Whereas the front yard is defined by formality, the side yard is defined by being a transitory space. In the side yard, a transformation happens, a dressing down of sorts towards the rear yard, played out in the architecture with a subsequent downgrade of material quality, a marked shortage of architectural relief and ornamentation, a clear indication of a more utilitarian aesthetic, and a lack of visual intrigue.

Floor plan, residence, showing decreasing order of primacy of spaces, from the public realm to private (2048, 20110204 FE NL)

Instances where side yards are not present, a psychological and somewhat subconscious undressing can happen through the house, aided and abetted by the architectural topography of descending order of functions and rooms. This primacy of spaces, from more formal to less formal rooms, in the path from front to back, invariably leads to the panacea of yards, the backyard.

4-Rear yards: Away from street view

The rear yard, or backyard, is the antithesis of the front yard. It is less formal, less tense, and much more relaxed. The backyard could not be more divergent in purpose, utility and architectural style than the front yard.

The backyard is more of an oasis, a private space that is less subject to societal norms, upkeep and maintenance. In some respects, the constraints that are imposed in the front are relaxed in the back, away from the street. Backyards are spaces typically teeming with life, where barbecue cookouts, Friday nights, patios, pool parties, family gatherings happen partially shielded from direct public view.

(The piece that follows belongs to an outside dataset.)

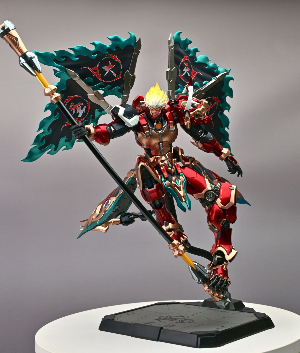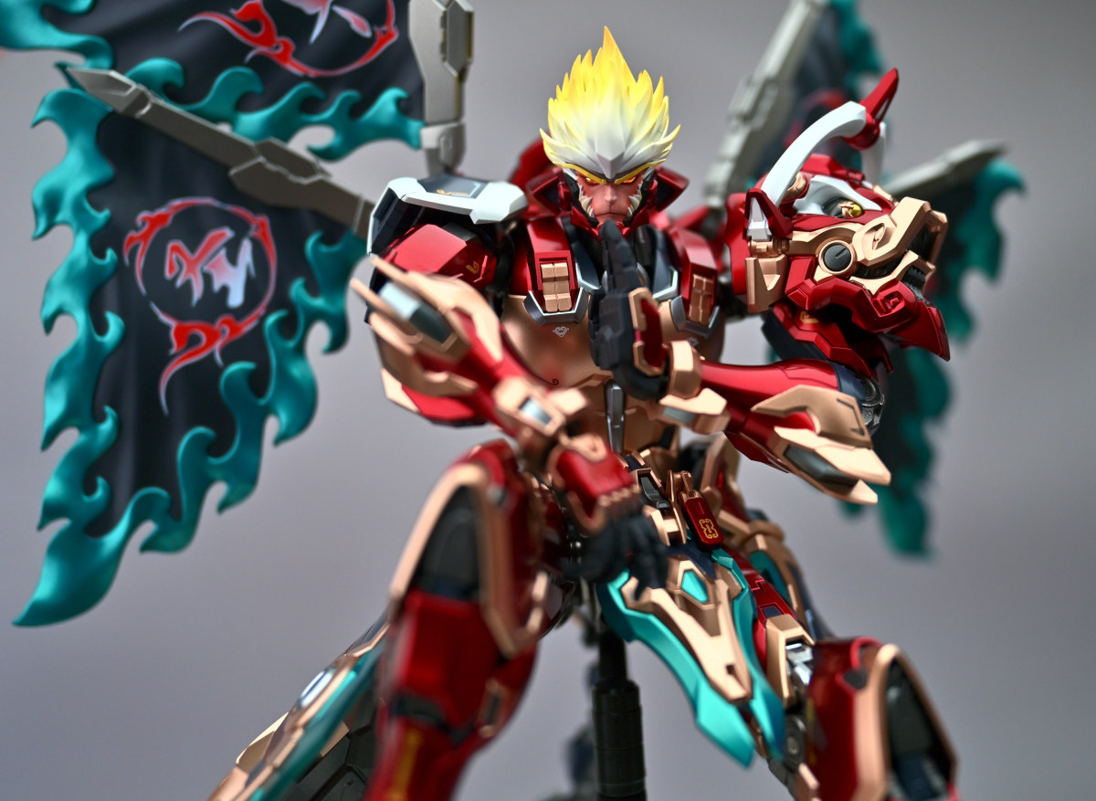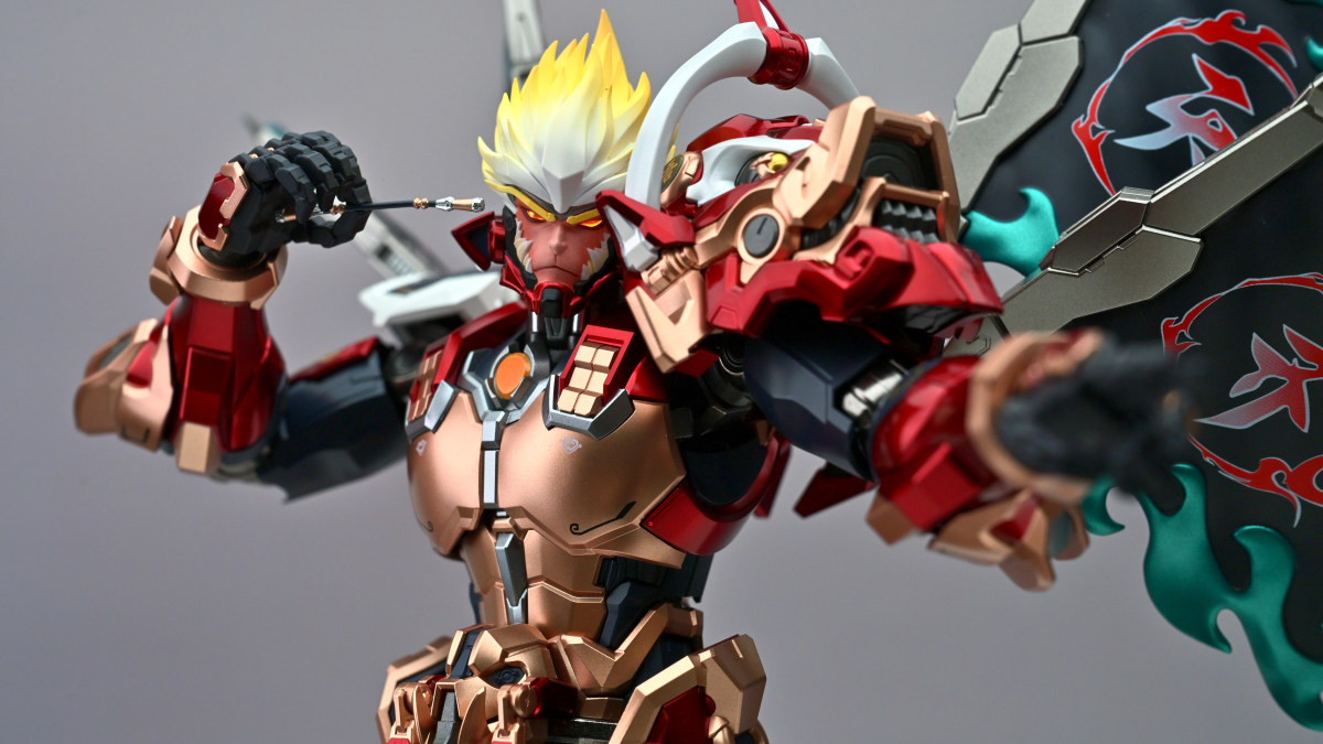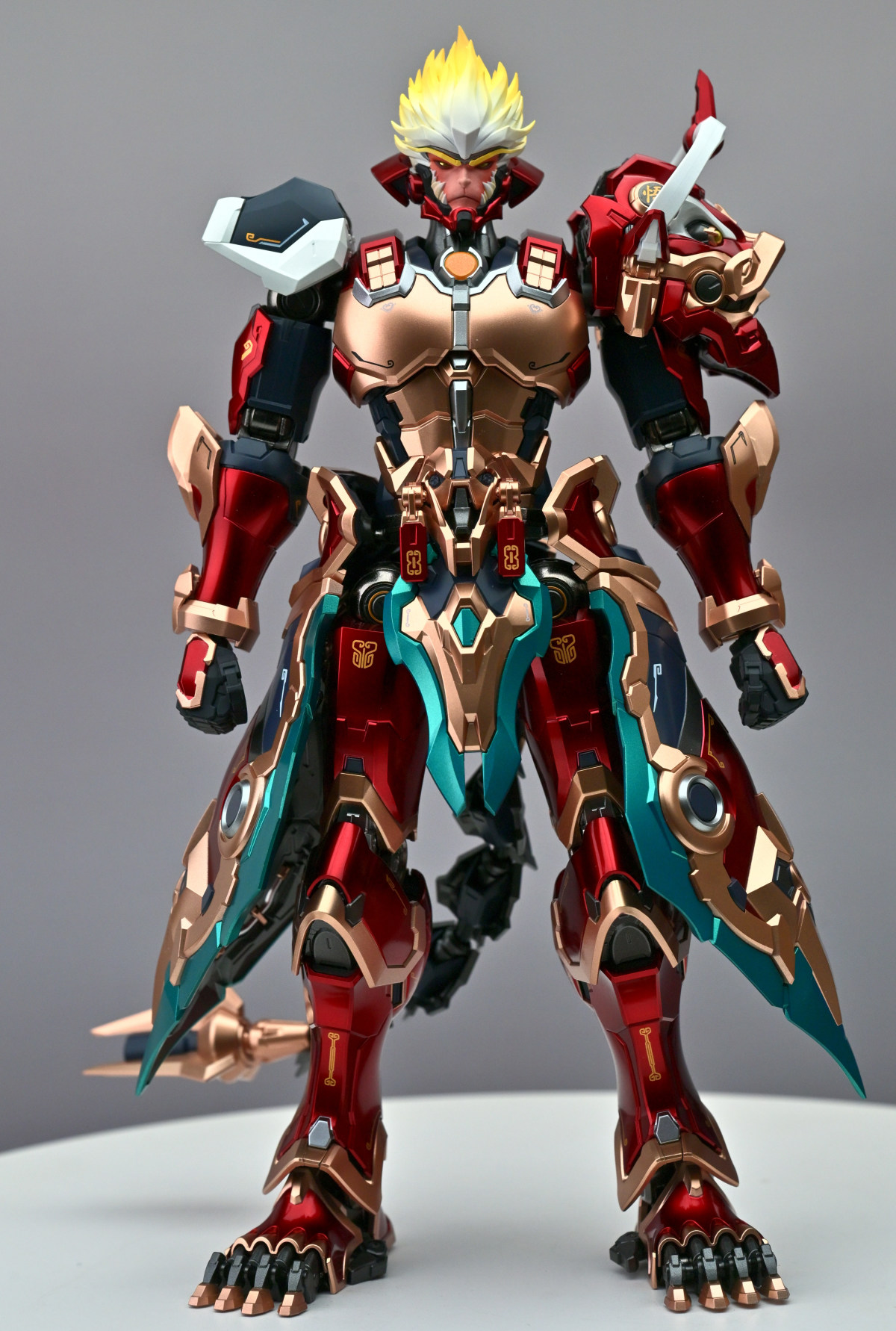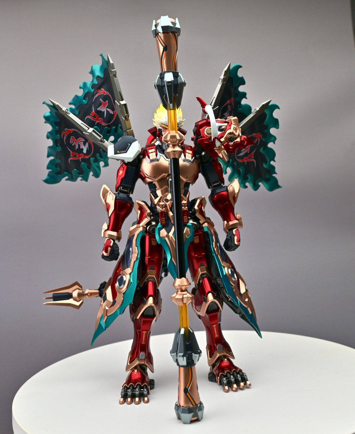 保留了猴子的元素將大家印象中的齊天大聖孫悟空直接機甲化呈現,MOSHOW這間公司在合金玩具上面的領域或許不是最頂的,但是MOSHOW的塗裝和品管可以說是數一數二的天花板等級,買過了甲斐之虎,梵天丸許多由MOSHOW出品的玩具,收藏到目前為止只能說品質真的是沒話說,價位方面也算合理C/P值很高,就把玩的玩具來說真的很超值。

Yards, Front, Coloniale near Napoleon, Montreal, QC

Yards, Rear, Coloniale near Napoleon, Montreal, QC

The relaxed laissez-faire attitude of the backyard is evident, encouraged and celebrated in the architectural expression. Typically, the least adorned side of house, finished in an almost clandestine manner, sometimes with complete disregard for zoning norms and building regulations. Construction techniques are highly improvisational, assembled with whatever materials available and within reach, resulting in a vernacular quality to the architecture. Mismatched, recycled, reclaimed, and unstructured, there is an inventive, creative and somewhat amateurish quality to the architectural composition that physically imparts and actually reinforces the casual nature of the backyard.

A hodge podge of additions, mismatched siding, sun porches, balcony enclosures, atriums, garages, cold rooms, all jut out into the backyard like unintended and unplanned appendages that would seem out of context and out of place anywhere, but in the backyard. Yet, here, in the backyard, these constructions add to the aura and expand the palate of the architectural expression, forming a visual kaleidoscope of styles and forms. Whereas norms and composition integrity would abhor to allow such a visual assault to exist in the front yard, it is a somewhat welcome presence in the relaxed confines of the backyard.

Yards, Front, Rue Clark near Rue St-Cuthbert, Montreal, Quebec

Yards, Rear, Rue Clark near Rue St-Cuthbert, Montreal, Quebec

Indeed, many municipalities have bylaws and norms that are more lax on rear yard alterations precisely because they do not detract from the front yard and street character.

Although newer developments are less likely to utilize an abundance of varied and conflicting materials in the backyard, the degradation of materials is quite common, resulting in rear yard elevation clad in vinyl siding, and the front yard elevation finished with a hybrid of more durable materials such as brick and stone.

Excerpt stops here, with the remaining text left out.